### DATA LISTING

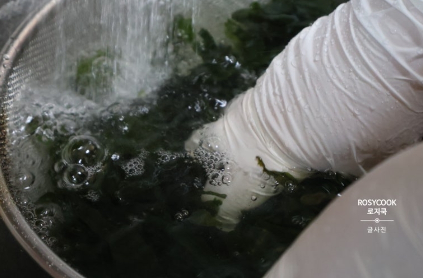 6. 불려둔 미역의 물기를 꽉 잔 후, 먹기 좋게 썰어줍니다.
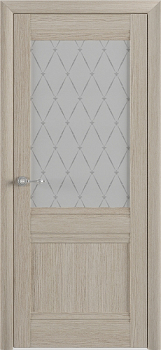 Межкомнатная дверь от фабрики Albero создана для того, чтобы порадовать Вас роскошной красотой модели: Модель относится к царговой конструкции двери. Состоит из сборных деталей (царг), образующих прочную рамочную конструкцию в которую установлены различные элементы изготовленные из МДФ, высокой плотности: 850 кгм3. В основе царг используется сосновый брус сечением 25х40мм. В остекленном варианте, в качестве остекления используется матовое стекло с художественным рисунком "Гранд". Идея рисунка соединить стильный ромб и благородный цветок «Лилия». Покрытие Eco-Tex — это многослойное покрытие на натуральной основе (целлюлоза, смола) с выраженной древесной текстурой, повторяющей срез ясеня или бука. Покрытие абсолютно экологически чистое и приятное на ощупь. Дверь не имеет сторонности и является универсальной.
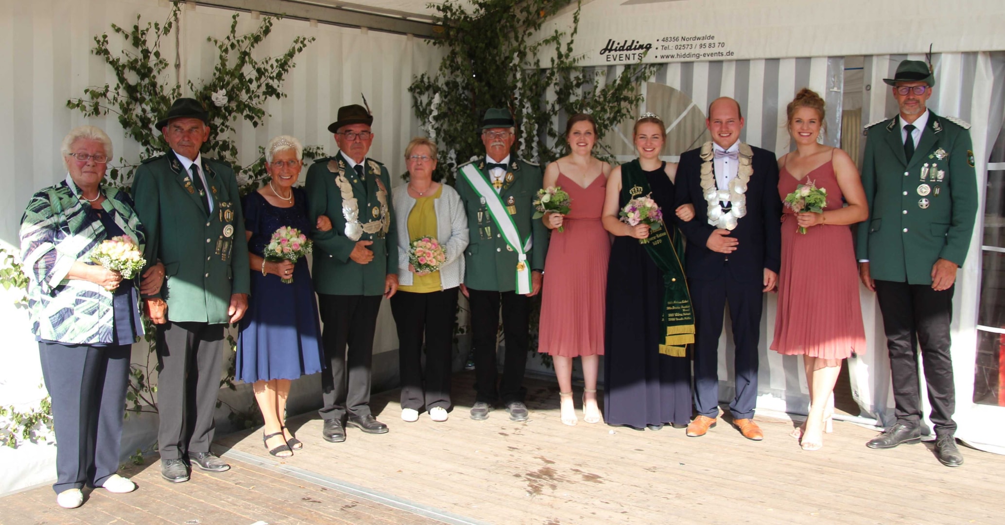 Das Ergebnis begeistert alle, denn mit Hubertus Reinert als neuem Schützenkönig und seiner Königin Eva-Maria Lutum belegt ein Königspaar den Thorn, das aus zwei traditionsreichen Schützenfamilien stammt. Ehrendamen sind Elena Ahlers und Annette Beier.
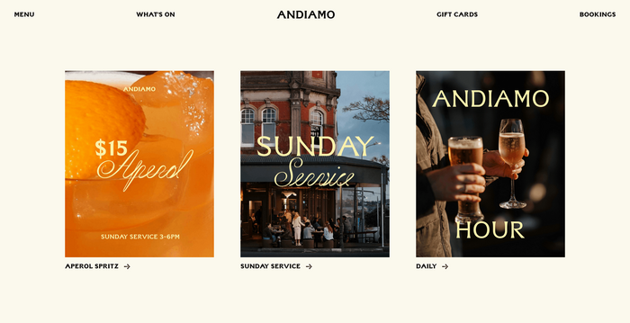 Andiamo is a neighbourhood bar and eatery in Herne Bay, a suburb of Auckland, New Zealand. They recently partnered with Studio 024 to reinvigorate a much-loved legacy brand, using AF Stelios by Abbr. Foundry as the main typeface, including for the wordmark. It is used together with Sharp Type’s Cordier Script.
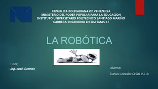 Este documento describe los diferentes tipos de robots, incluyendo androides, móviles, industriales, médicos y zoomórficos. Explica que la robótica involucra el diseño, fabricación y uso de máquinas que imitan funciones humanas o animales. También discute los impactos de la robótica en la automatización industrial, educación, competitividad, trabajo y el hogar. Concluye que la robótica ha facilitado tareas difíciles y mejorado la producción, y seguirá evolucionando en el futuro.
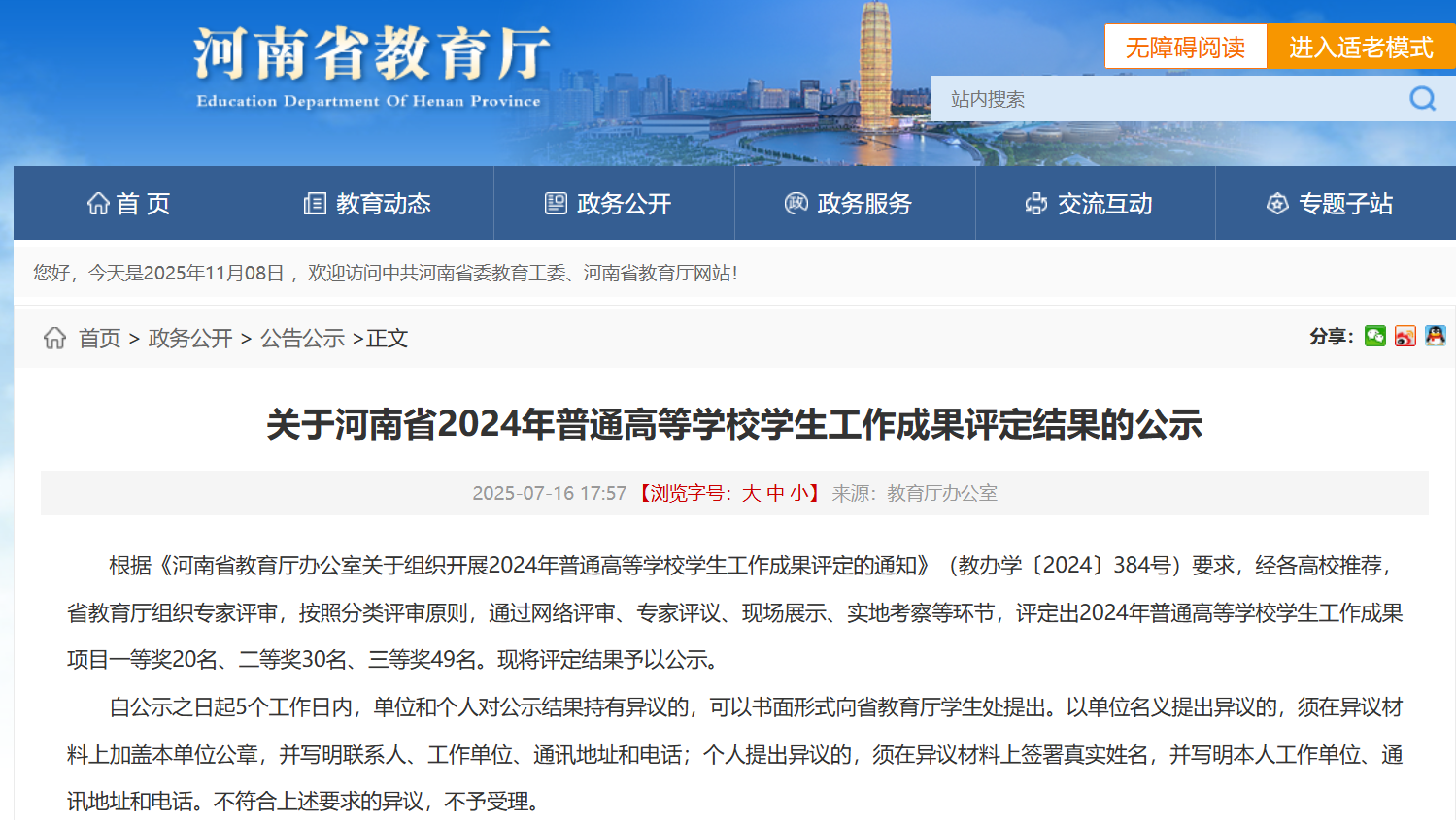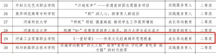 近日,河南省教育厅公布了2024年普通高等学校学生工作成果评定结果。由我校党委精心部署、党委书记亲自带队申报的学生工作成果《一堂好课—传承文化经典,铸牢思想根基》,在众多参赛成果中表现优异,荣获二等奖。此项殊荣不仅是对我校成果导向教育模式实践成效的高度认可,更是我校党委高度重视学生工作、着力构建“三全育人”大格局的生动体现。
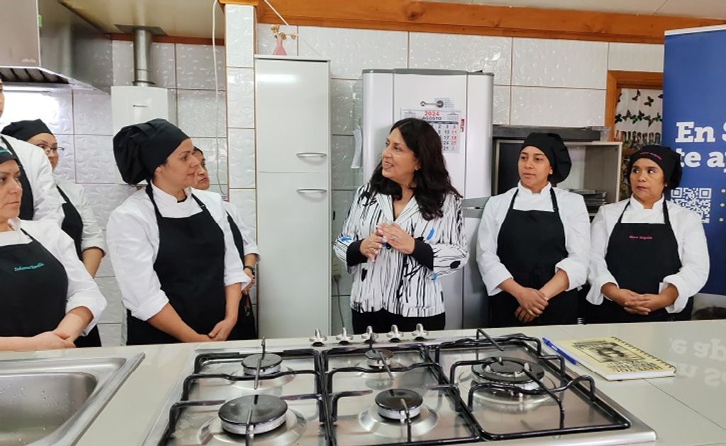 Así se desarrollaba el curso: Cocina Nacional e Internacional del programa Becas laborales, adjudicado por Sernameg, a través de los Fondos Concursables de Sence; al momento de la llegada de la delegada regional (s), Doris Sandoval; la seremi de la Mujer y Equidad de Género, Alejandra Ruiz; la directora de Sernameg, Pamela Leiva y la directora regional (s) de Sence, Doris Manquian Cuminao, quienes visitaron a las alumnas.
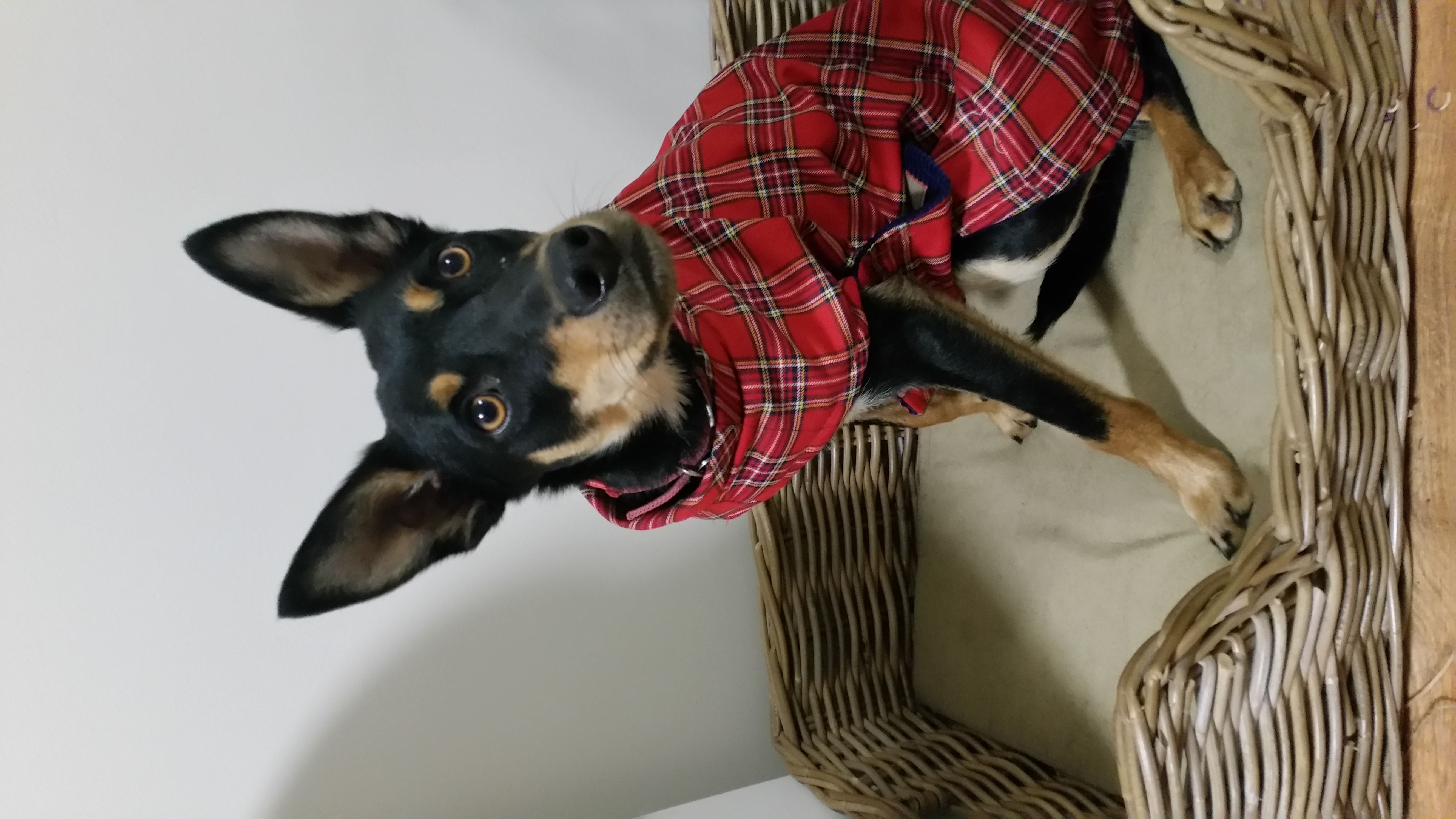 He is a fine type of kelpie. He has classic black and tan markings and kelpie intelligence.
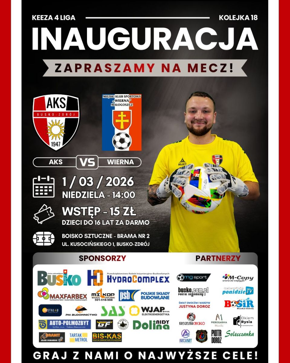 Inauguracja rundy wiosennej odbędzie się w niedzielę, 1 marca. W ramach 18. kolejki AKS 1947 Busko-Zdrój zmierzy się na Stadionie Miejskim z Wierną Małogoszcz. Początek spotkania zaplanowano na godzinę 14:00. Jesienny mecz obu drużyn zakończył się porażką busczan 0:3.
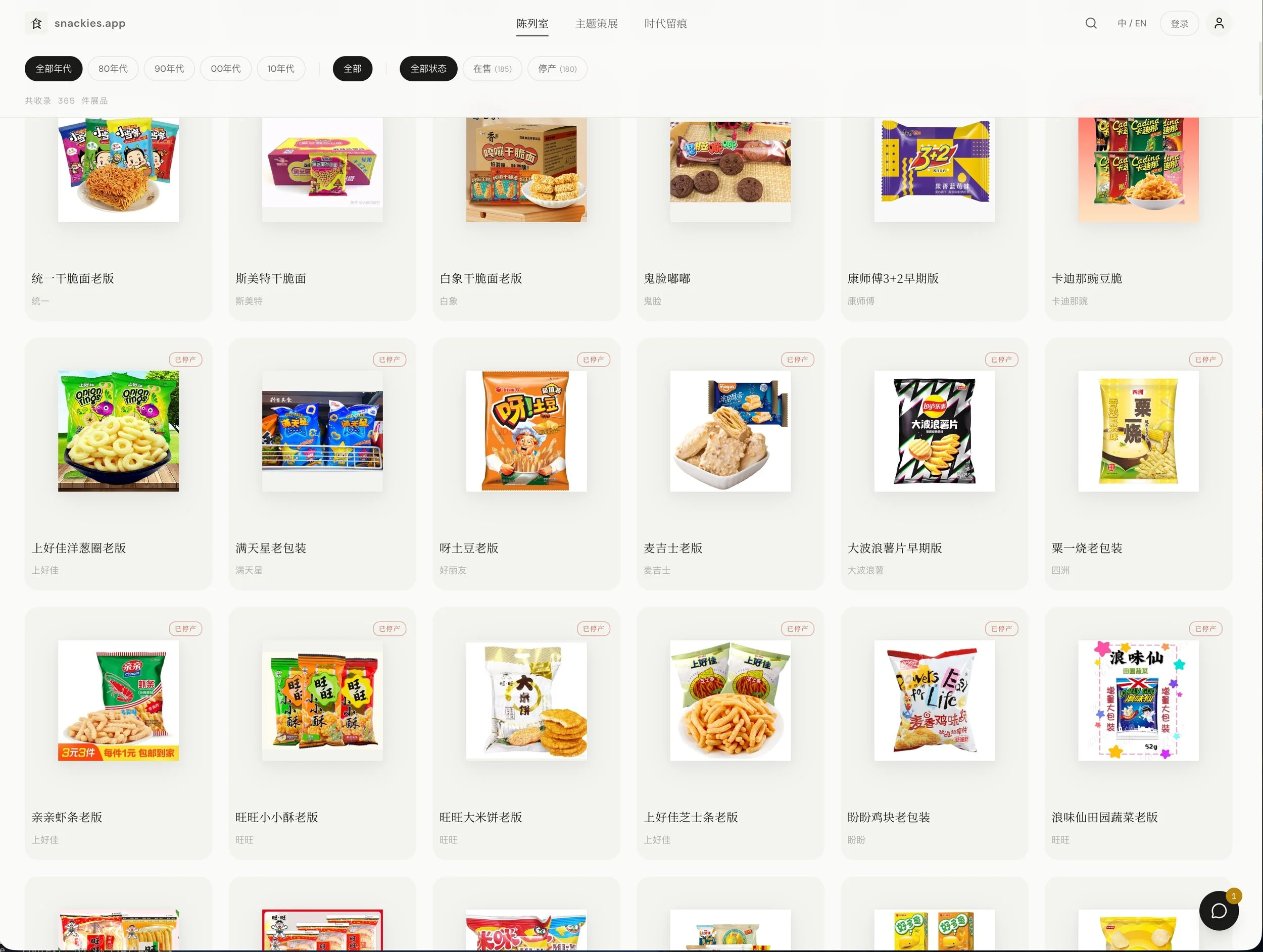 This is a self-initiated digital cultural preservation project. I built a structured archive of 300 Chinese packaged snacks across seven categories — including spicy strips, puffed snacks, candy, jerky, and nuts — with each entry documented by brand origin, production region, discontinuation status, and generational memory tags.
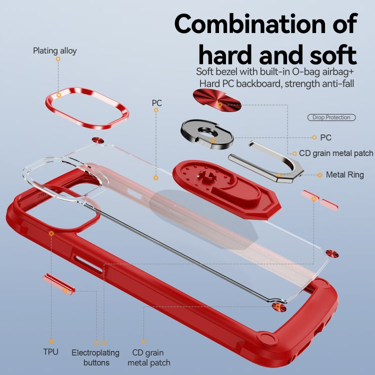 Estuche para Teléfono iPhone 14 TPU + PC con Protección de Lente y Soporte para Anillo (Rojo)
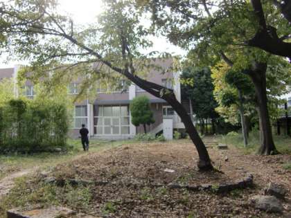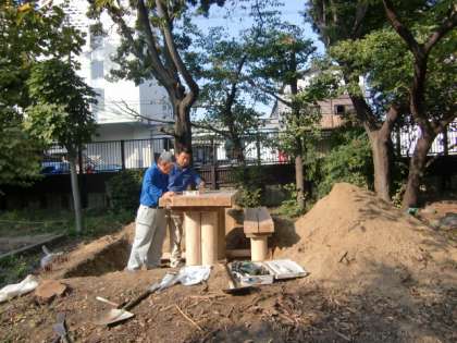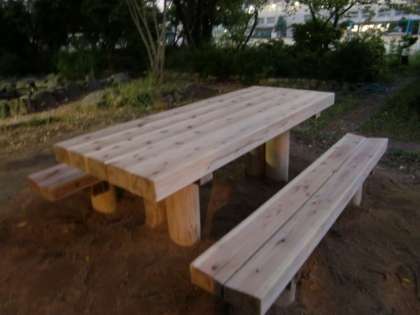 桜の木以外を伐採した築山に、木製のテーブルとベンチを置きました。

### TASK DETAILS
Return the full set of lines above word for word and with no pictures.

### OUTPUT FOR THIS EXERCISE
 6. 불려둔 미역의 물기를 꽉 잔 후, 먹기 좋게 썰어줍니다.
 Межкомнатная дверь от фабрики Albero создана для того, чтобы порадовать Вас роскошной красотой модели: Модель относится к царговой конструкции двери. Состоит из сборных деталей (царг), образующих прочную рамочную конструкцию в которую установлены различные элементы изготовленные из МДФ, высокой плотности: 850 кгм3. В основе царг используется сосновый брус сечением 25х40мм. В остекленном варианте, в качестве остекления используется матовое стекло с художественным рисунком "Гранд". Идея рисунка соединить стильный ромб и благородный цветок «Лилия». Покрытие Eco-Tex — это многослойное покрытие на натуральной основе (целлюлоза, смола) с выраженной древесной текстурой, повторяющей срез ясеня или бука. Покрытие абсолютно экологически чистое и приятное на ощупь. Дверь не имеет сторонности и является универсальной.
 Das Ergebnis begeistert alle, denn mit Hubertus Reinert als neuem Schützenkönig und seiner Königin Eva-Maria Lutum belegt ein Königspaar den Thorn, das aus zwei traditionsreichen Schützenfamilien stammt. Ehrendamen sind Elena Ahlers und Annette Beier.
 Andiamo is a neighbourhood bar and eatery in Herne Bay, a suburb of Auckland, New Zealand. They recently partnered with Studio 024 to reinvigorate a much-loved legacy brand, using AF Stelios by Abbr. Foundry as the main typeface, including for the wordmark. It is used together with Sharp Type’s Cordier Script.
 Este documento describe los diferentes tipos de robots, incluyendo androides, móviles, industriales, médicos y zoomórficos. Explica que la robótica involucra el diseño, fabricación y uso de máquinas que imitan funciones humanas o animales. También discute los impactos de la robótica en la automatización industrial, educación, competitividad, trabajo y el hogar. Concluye que la robótica ha facilitado tareas difíciles y mejorado la producción, y seguirá evolucionando en el futuro.
 近日,河南省教育厅公布了2024年普通高等学校学生工作成果评定结果。由我校党委精心部署、党委书记亲自带队申报的学生工作成果《一堂好课—传承文化经典,铸牢思想根基》,在众多参赛成果中表现优异,荣获二等奖。此项殊荣不仅是对我校成果导向教育模式实践成效的高度认可,更是我校党委高度重视学生工作、着力构建“三全育人”大格局的生动体现。
 Así se desarrollaba el curso: Cocina Nacional e Internacional del programa Becas laborales, adjudicado por Sernameg, a través de los Fondos Concursables de Sence; al momento de la llegada de la delegada regional (s), Doris Sandoval; la seremi de la Mujer y Equidad de Género, Alejandra Ruiz; la directora de Sernameg, Pamela Leiva y la directora regional (s) de Sence, Doris Manquian Cuminao, quienes visitaron a las alumnas.
 He is a fine type of kelpie. He has classic black and tan markings and kelpie intelligence.
 Inauguracja rundy wiosennej odbędzie się w niedzielę, 1 marca. W ramach 18. kolejki AKS 1947 Busko-Zdrój zmierzy się na Stadionie Miejskim z Wierną Małogoszcz. Początek spotkania zaplanowano na godzinę 14:00. Jesienny mecz obu drużyn zakończył się porażką busczan 0:3.
 This is a self-initiated digital cultural preservation project. I built a structured archive of 300 Chinese packaged snacks across seven categories — including spicy strips, puffed snacks, candy, jerky, and nuts — with each entry documented by brand origin, production region, discontinuation status, and generational memory tags.
 Estuche para Teléfono iPhone 14 TPU + PC con Protección de Lente y Soporte para Anillo (Rojo)
 桜の木以外を伐採した築山に、木製のテーブルとベンチを置きました。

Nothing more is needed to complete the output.